Anna Wise is a new artist but I'm not; I've been around. [Sonnymoon] recorded the first album at 7 Eric Road in Allston—a house with seven rooms where Dane [Orr] lived. We did all the vocals on an SM58. I think people are waiting for someone else to tell them it's okay, or for a resource—well this is the $10,000 microphone—or I was discovered on the street when I was singing and then they took my career to where it is now. It's like, no, you take your career to where it is, you record your songs, you make your videos and press photos, and you get that done; no one else is gonna do it for you. And if they are, they're probably taking a huge cut.
 

On a Record Deal  vs. Self-Release

Don't think that you need a record deal or that a record deal is going to get you what you want, because a lot of times it actually causes more problems, including someone checking in on your art and telling you how to do it. That can be from as small as someone saying, "We want you to turn in three demos a week and we'll tell you which songs to move forward with," to "I understand you want to release these four songs as an EP but we really feel you're an album artist and we don't like these songs, we don't think we can put money behind this." There are all types of ways being signed can push upon your creative instincts. Sonnymoon isn't huge, but we get to do what we want, and our fans are really dedicated. 

I didn't do this [solo] record with a label or with anyone.
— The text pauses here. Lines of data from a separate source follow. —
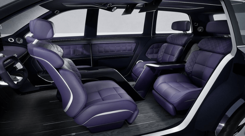 ▶ 실내 색상은 한국 전통색인 '쪽'으로 염색한 퍼플 실트 컬러의 빈티지 가죽을 사용해 깊이 있는 분위기를 연출하였고, 한국 온돌에서 영감을 받아 복사열 난방 시스템, 차량 내부의 대시보드와 도어트림, 바닥과 시트백, 콘솔사이드에 복사난방 필름을 부착해서 저전력 고효율 난방을 가능하게 했습니다.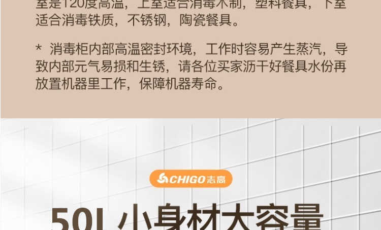 志高 单层立式餐具消毒柜RTP50 单门家用高温消毒柜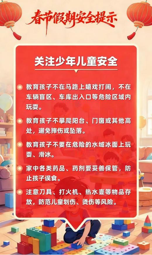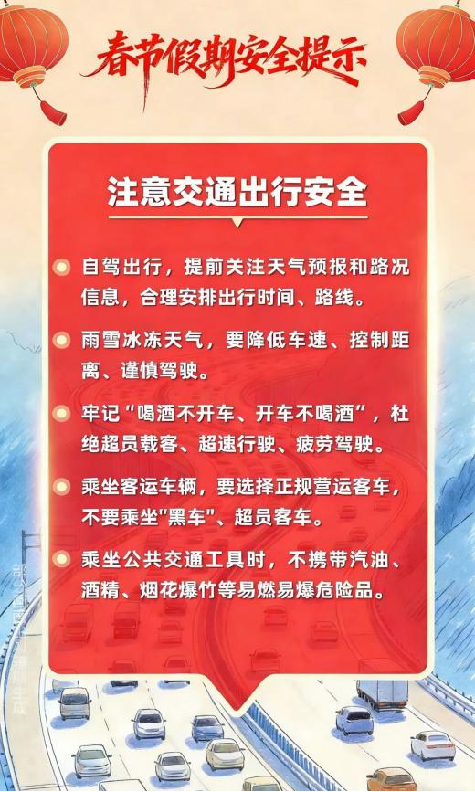 新春佳节来到 用火用气用电增加 出游、出行、运输迎来高峰 灯会、庙会、促销等大型活动多 宾馆、饭店、市场、商超等 场所人流密集 烟花爆竹产销燃放正值旺季 低温雨雪冰冻等恶劣天气多发 各类风险隐患交织叠加 安全工作须臾不可放松 这份春节假期安全提示 请查收 防风险、除隐患、遏事故 平安过春节!!!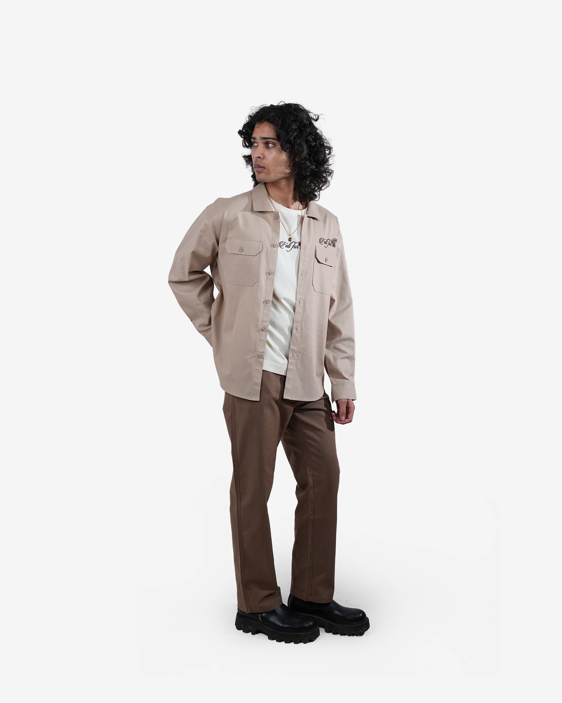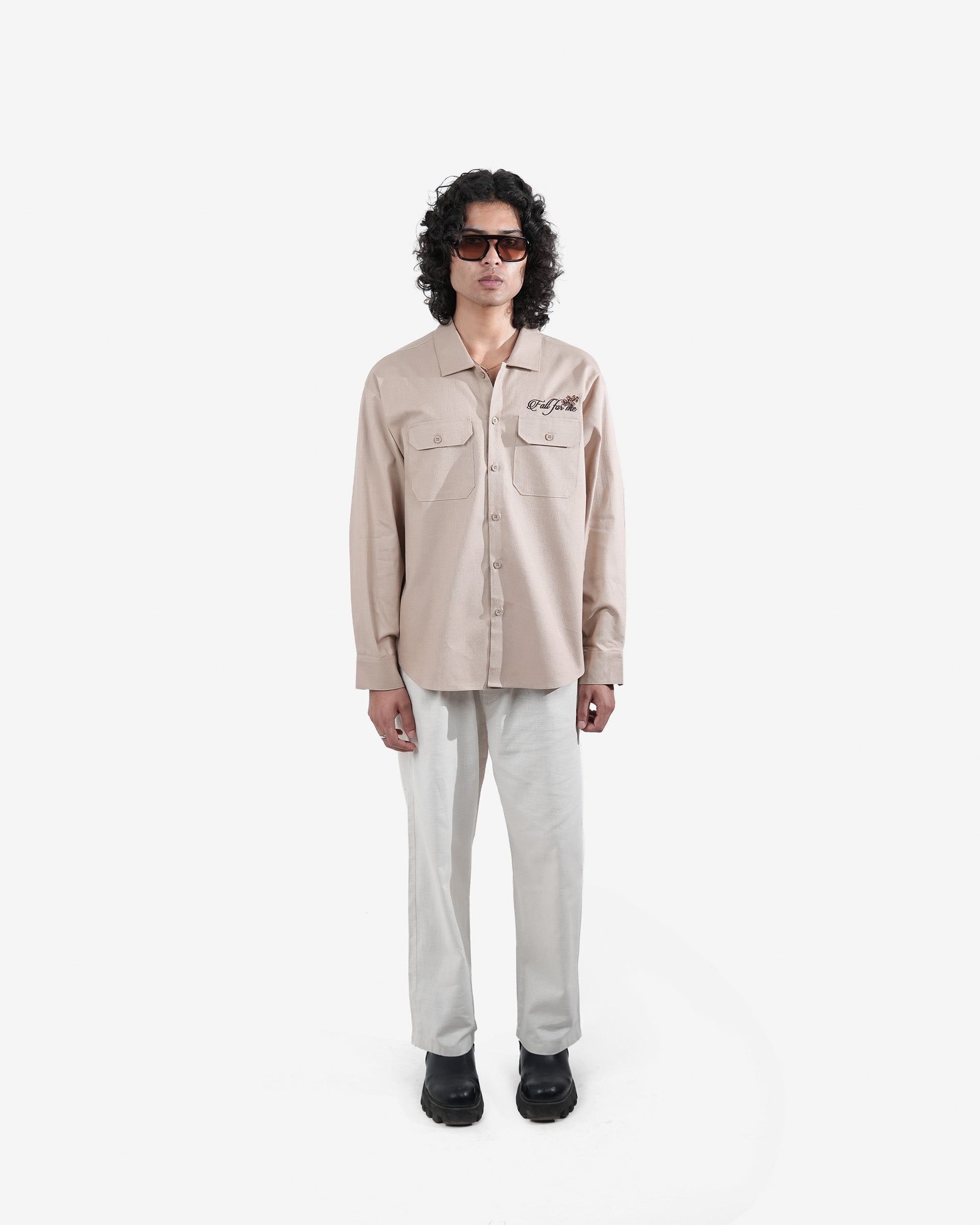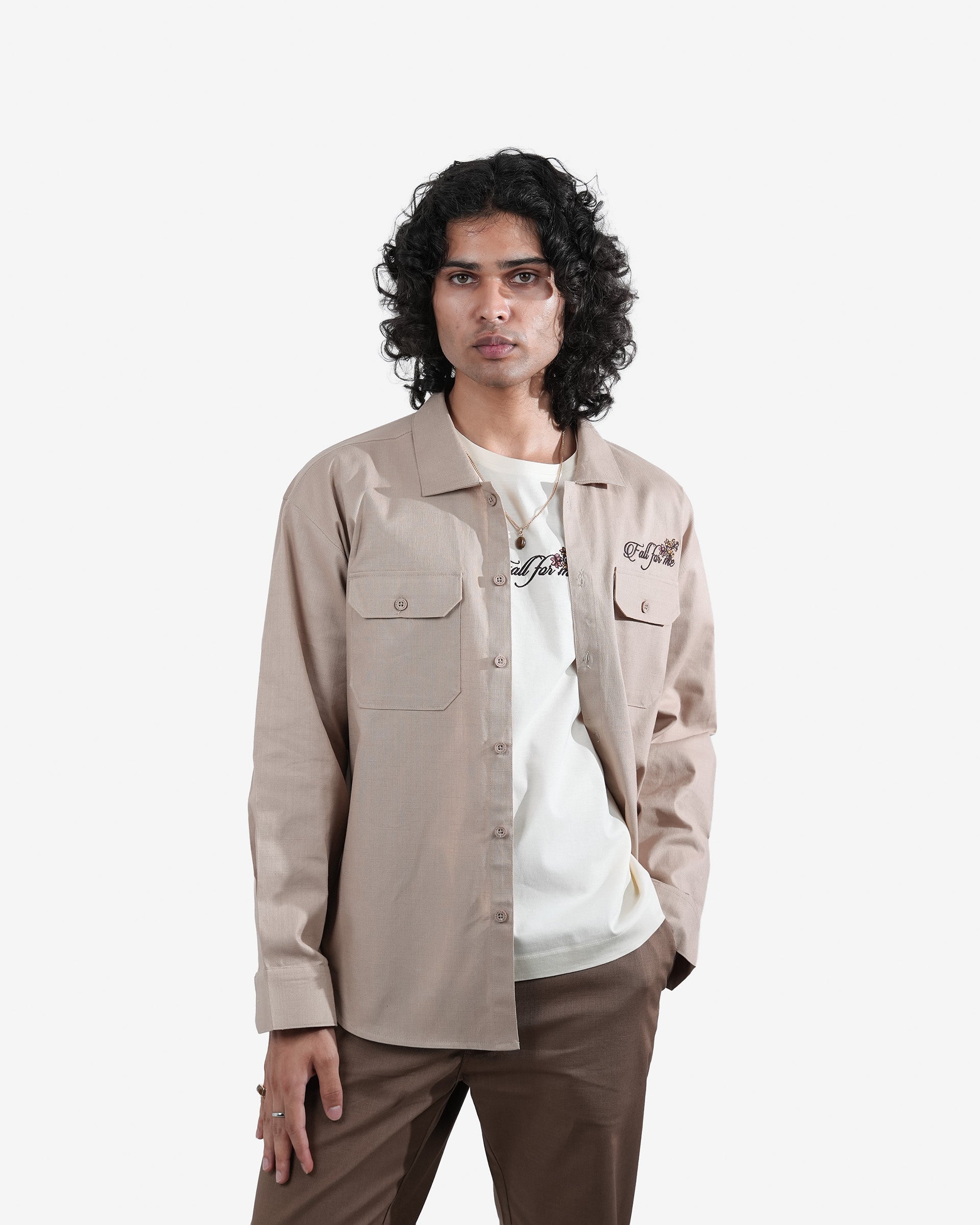 Featuring 2.5 lakh-stitch floral embroidery across the back, framing intricate detail. With double flap pockets on the chest and long sleeves with buttoned cuffs, a piece that speaks for itself when layered or worn solo.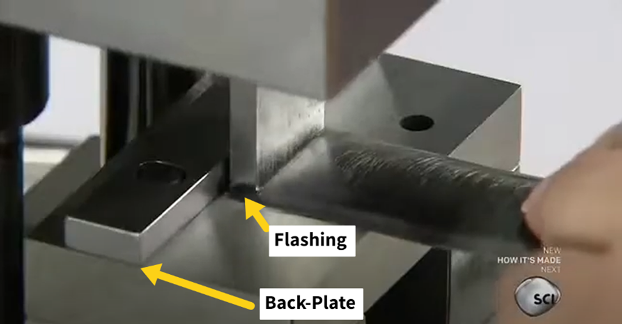 Current methods from competitors utilize an oversized back-plate relative to the punch, which produces flashing and waste of about 15% of the initial composite blank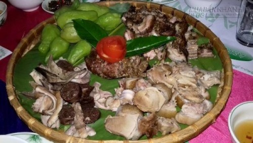 Cỗ mán với thịt lợn, dồi, rau củ tươi ngon. Ảnh: Lê Thương. |
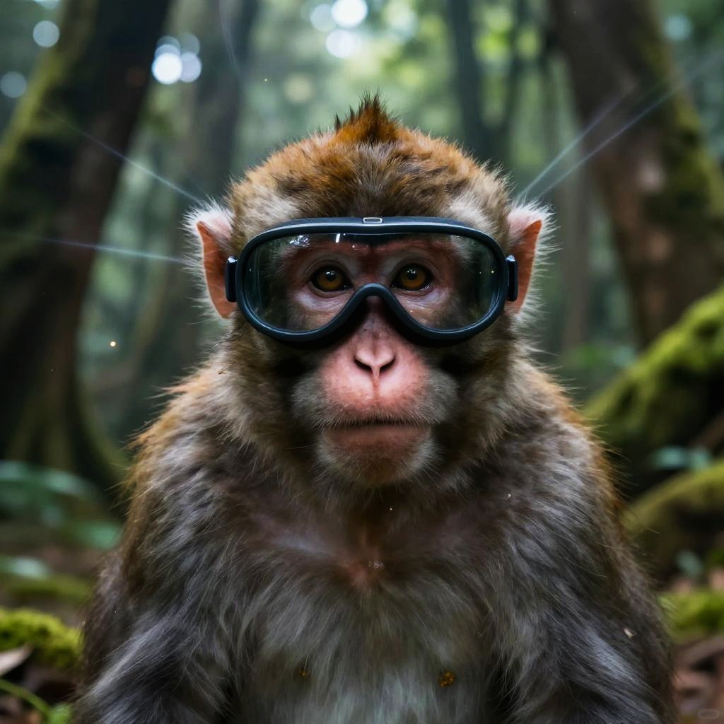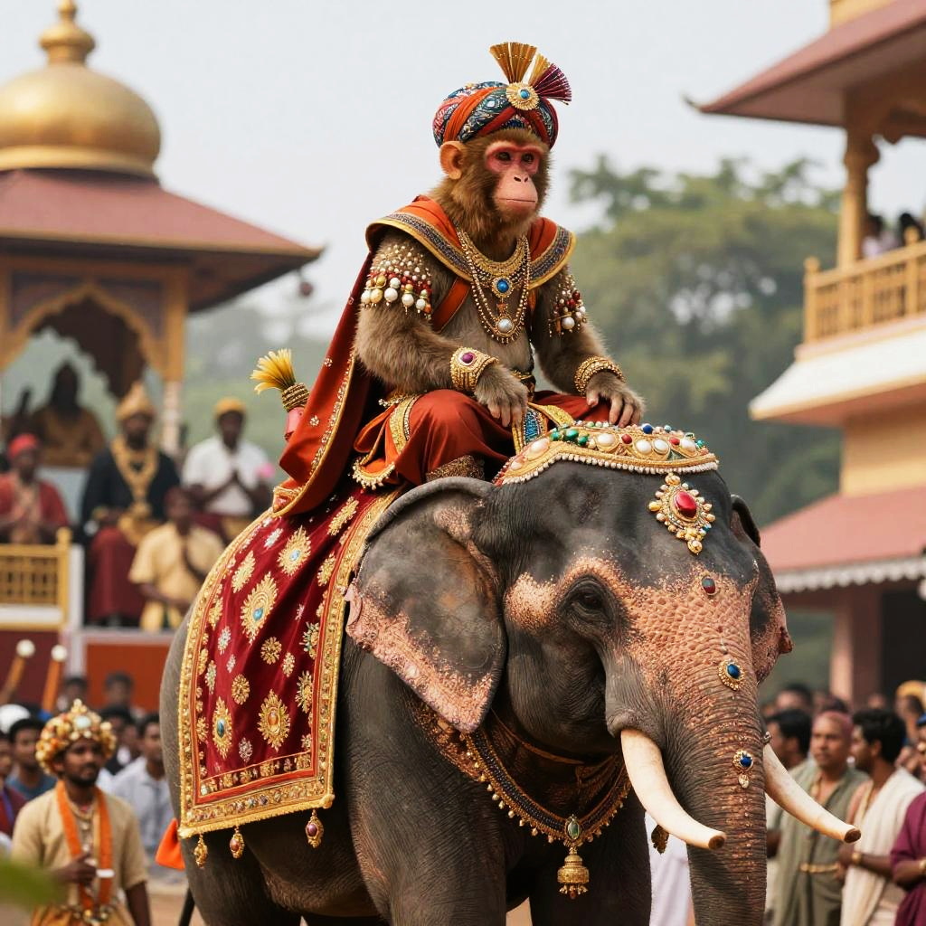 Monkey with turban meditating on a mountain top at sunrise, serene expression, detailed folds in turban fabric, soft pastel sky, peaceful natural environment, digital art
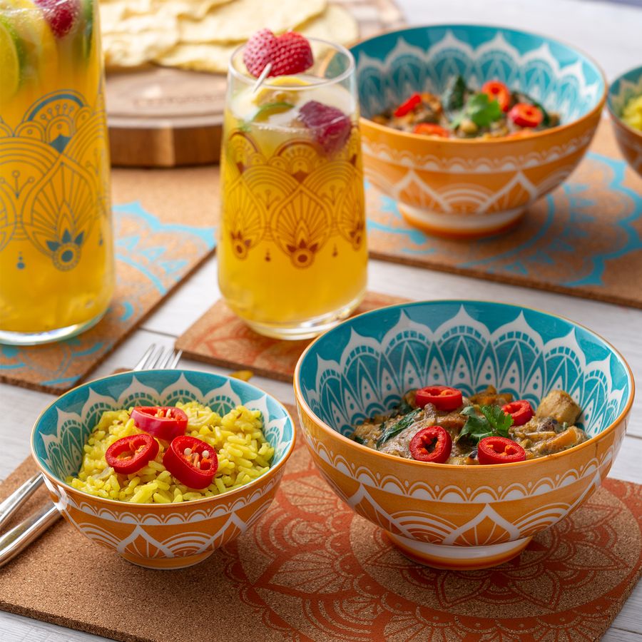 Die Typhoon World Foods India Schale peppt jeden Esstisch auf. Schön detailliert mit einem trendigen Mandala-Muster in leuchtenden Farben, wird jede Schale Spaß und Farbe zu indisch inspirierten Mahlzeiten hinzufügen. Der Durchmesser von 15 cm ist perfekt zum Servieren von Dips und einzelnen Portionen Reis sowie zum Aufbewahren von geschmackvollen Resten. Die Schale ist sowohl praktisch als auch stilvoll. Die World Foods India Bowl ist aus hochwertigem Steingut gefertigt und mit einer dauerhaften farbigen Glasur versehen. Sie ist resistent gegen Absplitterungen und Risse und hält so dem täglichen Gebrauch stand. Die India Schale ist sowohl für den Gefrierschrank als auch für die Mikrowelle geeignet und spülmaschinenfest. Sie ist vielseitig einsetzbar und kann zur einfachen Aufbewahrung gestapelt werden. Die Typhoon World Foods Kollektion umfasst Koch- und Serviergeschirr für alle, die gerne kochen oder Gerichte aus aller Welt servieren.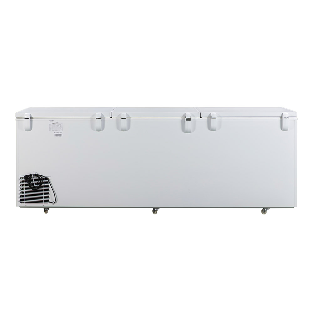 Tủ đông Alaska 3 cửa Inverter 1100 Lít HB-1100CI sở hữu tông màu trắng vô cùng tinh tế và thanh lịch. Tủ đông Alaska HB-1100CI là dòng tủ đông 1 ngăn 3 cánh nắp mở vali tiện lợi. Với dung tích lên đến 1100 lít giúp bảo quản số lượng lớn thực phẩm, thích hợp được sử dụng để bảo quản thực phẩm, đồ uống trong nhà hàng, quán ăn, cửa hàng tiện lợi, siêu thị,...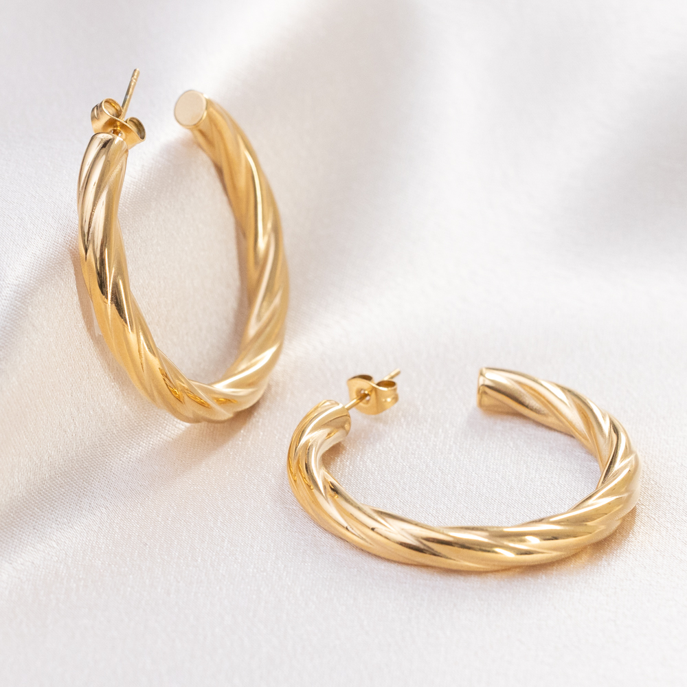 A bold elevation of a jewelry box staple. These 35mm hoops feature a stunning twisted line detail that winds around the silhouette, adding a dynamic sense of movement and texture. The larger scale makes them a standout accessory, while the intricate twist keeps the look sophisticated and light.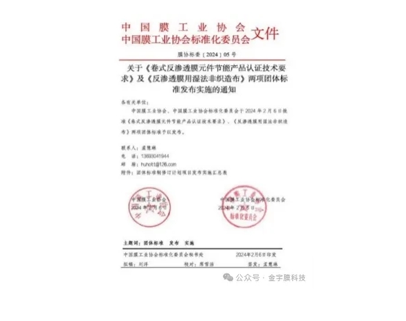 山东金宇膜科技发展有限公司是中国膜工业协会的会员单位,节能型反渗透膜行业标准的制定者。中国膜工业协会、中国膜工业协会标准化委员会于2024年2月6日批准《卷式反渗透膜元件节能产品认证技术要求》、《反渗透膜用湿法非织造布》两项团体标准予以发布。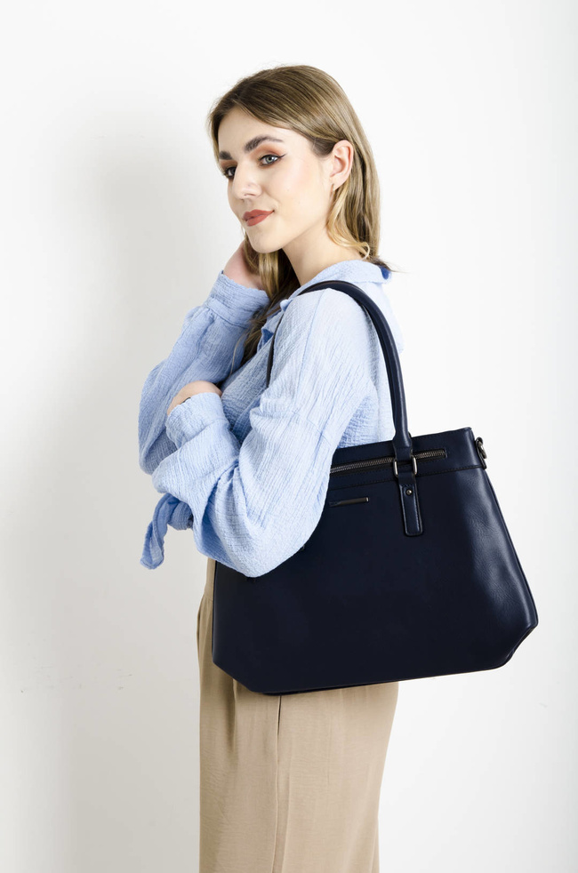 GRANATOWA TOREBKA Z IMITACJI SKÓRY TYPU SHOPPER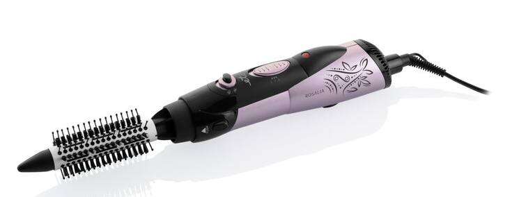 Leistungsaufnahme 1000W, Ionenfunktion, 2 Temperaturstufen, Hitzeisolierte Spitze, Taste Care: Kühlluftstufe zur Fixierung, drehbares Anschlusskabel 1,8m, Stylingdüse, einklappbare Spitzen (ø 30mm), Ondulations-Aufsatz (ø19mm), Rundbürste (ø19mm), Rundbürste mit elastischen Spitzen (ø33mm), Flachbürste, Reiseetui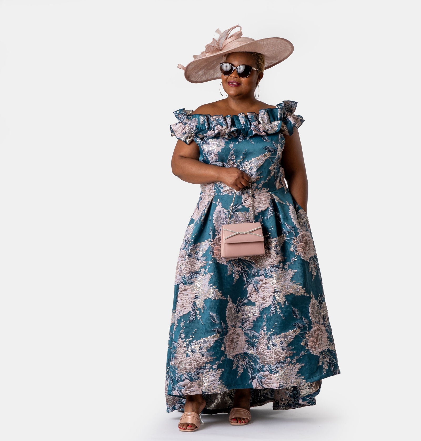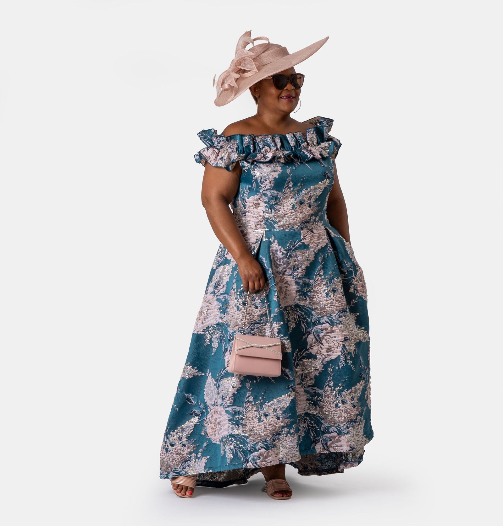 Teal Off-Shoulder Brocade Dress with Ruffle Neckline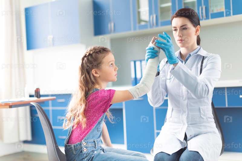 Женщина-врач перевязывает руку маленькой девочки в больнице

I refused money from multiple sources so that I could do it all by myself. You have to do it yourself. They don't give you the keys. Like DJ Khaled says, it's actually quite simple once you figure it out. I'm putting my music out through a digital distribution company called STEM that someone who also went to Berklee started. They take 5 percent, distribute [my work], and give me back my earnings. They have an app [to track sales] and that's super important to me. 

On the Philosophy of Songwriting

I probably won't say what people really want to hear, because when I write it's usually all at once and I know exactly what it is: the lyrics, the melody, the harmonies, the bass line; everything happens all at once and it's just a race with my mouth and fingers to be able to articulate it outside of my body before it leaves. And that's not really something I can teach anybody. I can't teach you how to have a muse, or to receive inspiration, you know?

I love to meet new people and learn of their experiences; that could fuel an idea that lives inside me for months. Sometimes [ideas] come from above and just woosh. And sometimes they start in my spine and just crawl up. It's not like I'm mining people for ideas or inspiration. I'm just living my life and then when it comes it comes and I'm grateful. I think you just have to do it, or not do it. I don't support beating yourself up to get results, and whether that's not sleeping or practicing for 18 hours a day or hating yourself for not doing what you're expecting yourself to come up with, those things are all death to creativity.